ENTRIES SHOWN -
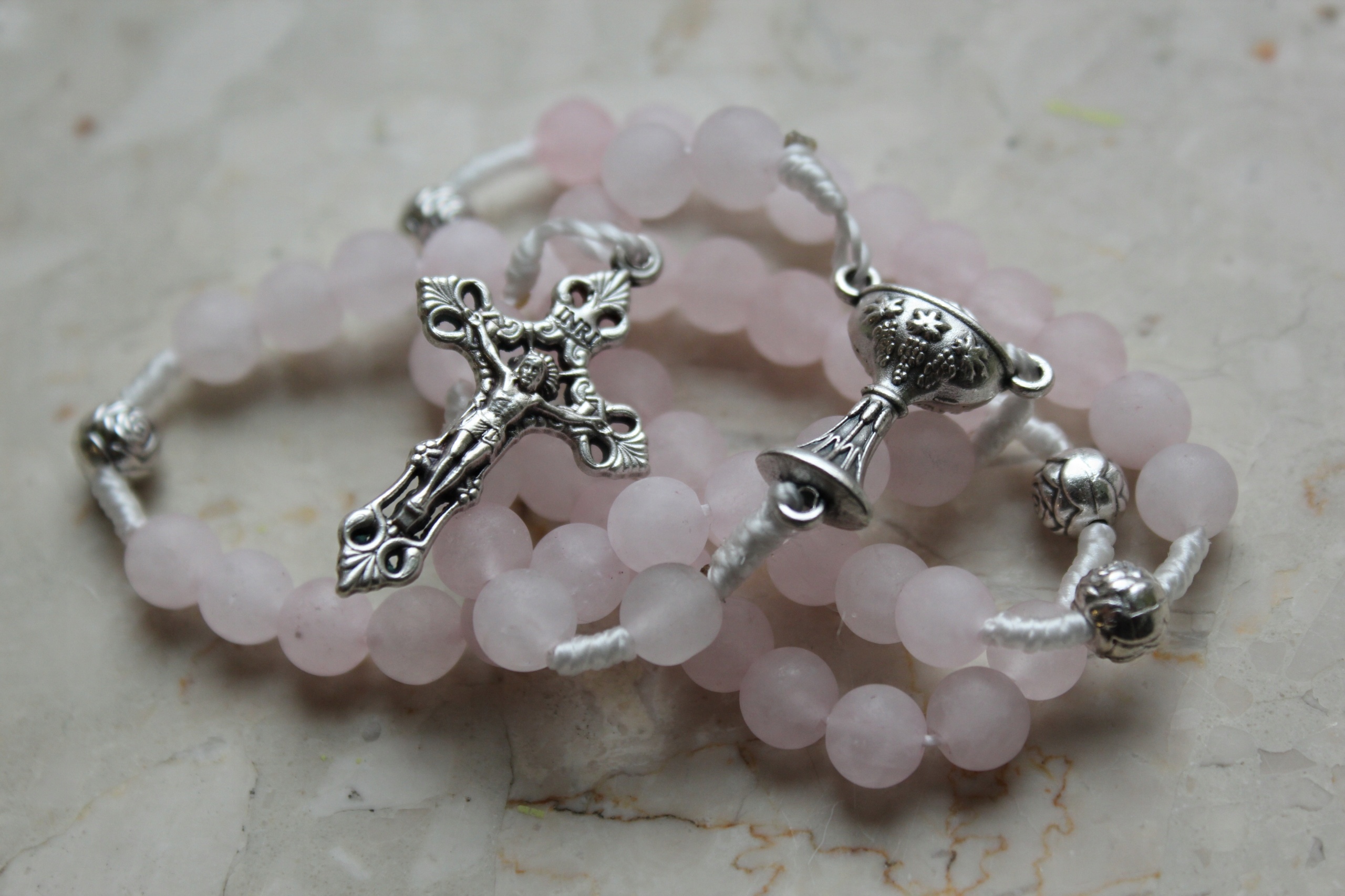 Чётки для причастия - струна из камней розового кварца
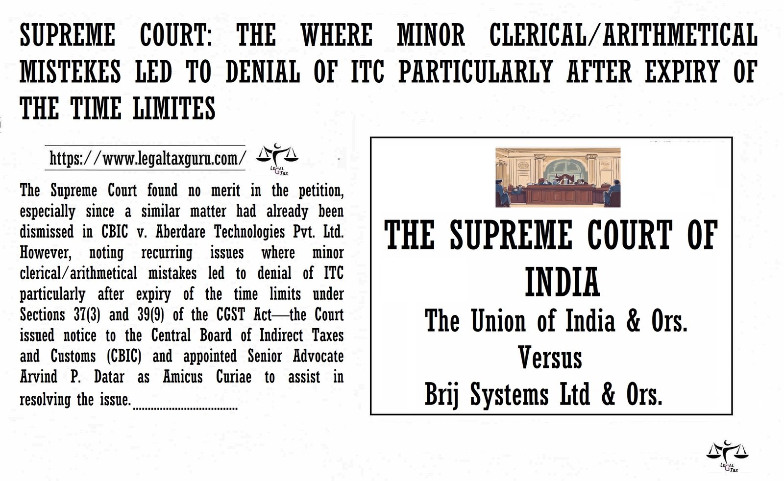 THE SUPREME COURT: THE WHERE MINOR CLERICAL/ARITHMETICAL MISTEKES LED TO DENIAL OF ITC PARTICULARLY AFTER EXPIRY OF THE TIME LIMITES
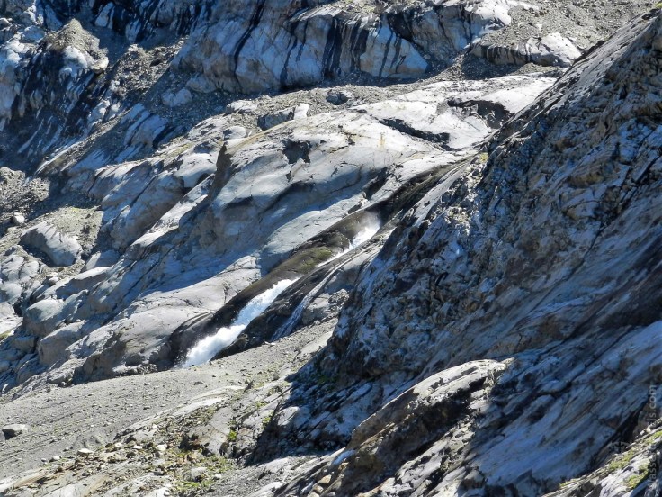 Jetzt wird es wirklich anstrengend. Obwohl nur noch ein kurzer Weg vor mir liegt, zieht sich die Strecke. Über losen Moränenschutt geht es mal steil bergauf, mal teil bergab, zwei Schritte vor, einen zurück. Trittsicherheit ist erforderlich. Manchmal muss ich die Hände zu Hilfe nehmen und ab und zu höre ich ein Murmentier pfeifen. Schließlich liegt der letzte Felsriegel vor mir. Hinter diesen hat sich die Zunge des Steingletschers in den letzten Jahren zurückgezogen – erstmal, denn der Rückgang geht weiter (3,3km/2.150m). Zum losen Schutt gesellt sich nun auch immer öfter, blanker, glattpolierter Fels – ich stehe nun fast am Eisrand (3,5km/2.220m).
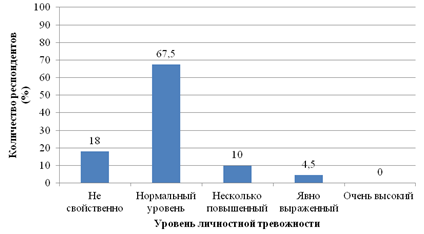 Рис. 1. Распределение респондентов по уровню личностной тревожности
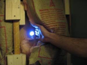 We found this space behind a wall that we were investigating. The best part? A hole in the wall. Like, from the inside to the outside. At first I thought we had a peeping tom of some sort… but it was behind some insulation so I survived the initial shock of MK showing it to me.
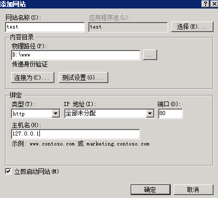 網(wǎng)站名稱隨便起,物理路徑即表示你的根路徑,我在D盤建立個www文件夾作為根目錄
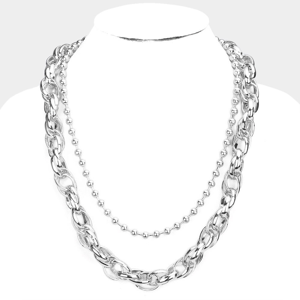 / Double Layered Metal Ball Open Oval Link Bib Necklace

TASK GOAL - Retype every record as it stands. None of the pictures should appear.

EXERCISE ANSWER -
 Чётки для причастия - струна из камней розового кварца
 THE SUPREME COURT: THE WHERE MINOR CLERICAL/ARITHMETICAL MISTEKES LED TO DENIAL OF ITC PARTICULARLY AFTER EXPIRY OF THE TIME LIMITES
 Jetzt wird es wirklich anstrengend. Obwohl nur noch ein kurzer Weg vor mir liegt, zieht sich die Strecke. Über losen Moränenschutt geht es mal steil bergauf, mal teil bergab, zwei Schritte vor, einen zurück. Trittsicherheit ist erforderlich. Manchmal muss ich die Hände zu Hilfe nehmen und ab und zu höre ich ein Murmentier pfeifen. Schließlich liegt der letzte Felsriegel vor mir. Hinter diesen hat sich die Zunge des Steingletschers in den letzten Jahren zurückgezogen – erstmal, denn der Rückgang geht weiter (3,3km/2.150m). Zum losen Schutt gesellt sich nun auch immer öfter, blanker, glattpolierter Fels – ich stehe nun fast am Eisrand (3,5km/2.220m).
 Рис. 1. Распределение респондентов по уровню личностной тревожности
 We found this space behind a wall that we were investigating. The best part? A hole in the wall. Like, from the inside to the outside. At first I thought we had a peeping tom of some sort… but it was behind some insulation so I survived the initial shock of MK showing it to me.
 網(wǎng)站名稱隨便起,物理路徑即表示你的根路徑,我在D盤建立個www文件夾作為根目錄
 / Double Layered Metal Ball Open Oval Link Bib Necklace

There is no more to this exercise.